Quantity Surveyor: Job Description
A typical job description for a quantity surveyor is likely to include the following:
- preparing tender and contract documents, including bills of quantities with the architect and/or the client
- assisting in establishing a client’s requirements
- undertaking cost analysis for repair and maintenance project work;
- performing risk, value management and cost control;
- advising on procurement strategy;
- undertaking feasibility studies;
- providing advice on contractual claims;
- reporting on outcomes and progress;
- valuing finished work and arranging payments;
- understanding the implications of health and safety regulations.
Qualifications and experience
There are a number of routes in quantity surveying. There is the option to study a degree in quantity surveying, a qualification accredited the Royal Institution of Chartered Surveyors (RICS).
Alternatively, if you already have a degree, you can take a postgraduate conversion course, also accredited by RICS. In theory, your first degree can be in any subject but would-be quantity surveyors may find that civil/structural engineering, economics, geography or mathematics offer the best foundation.
Some employers will also offer their own graduate training scheme, or structured placement, allowing recent graduates to train as quantity surveyors, although these courses are not accredited by RICS.
Depending on where you currently work, you may be able to pursue experience of quantity surveying within your company – this can be a great start, give you valuable insights into the role and make you a strong candidate for any accredited course.
Continued professional development
The RICS offers an Assessment of Professional Competence (APC), which is granted after completion of RICS CPD (which can be fulfilled in the workplace) as well as an interview. Once a member of RICS, you’ll have a greater advantage in the field of quantity surveying and offer a high standard of professionalism to your employers and clients. It is also an accreditation to be proud of which demonstrates the standard of your work.
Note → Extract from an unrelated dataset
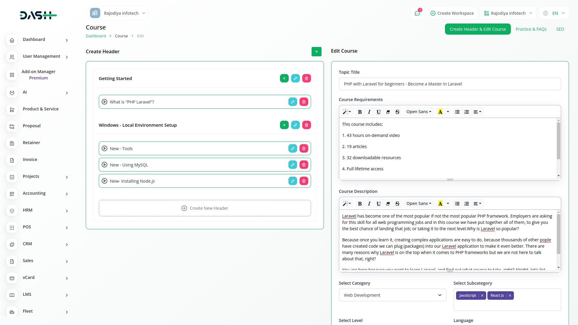 O LMS é o melhor construtor de cursos. Direito de gerenciar os cursos de várias categorias para cumprir capítulos, cada aspecto de seus cursos poderia ser quitado através de LMS sob uma aba. Aproveite o aprendizado gerenciável com uma interface fácil de usuário.

There are also opportunities to pursue accreditation with other respected organisations, such as the Chartered Institute of Building, the Association of Cost Engineers and the Chartered Institution of Civil Engineering Surveyors.
To take their work further and find new challenges, many quantity surveyors choose to specialise in a particular area and develop in-depth knowledge. Areas of specialisation include:
- Project management
- Risk assessment
- Capital allowances and tax
- Supply chain management
Some quantity surveyors choose to broaden their horizons and take on additional challenges by working abroad, while others strike out on their own, setting up their own freelance consultancy.
Quantity surveying is a “high demand, low supply” profession . In other words, everyone needs QSs but they are few and far between, so people in the role can command a relatively high salary.
QS salaries vary greatly depending on experience. Graduates can expect to earn £25k-£28k per annum, an amount that increases up the scale to senior and associate quantity surveyors who may command up to £100K.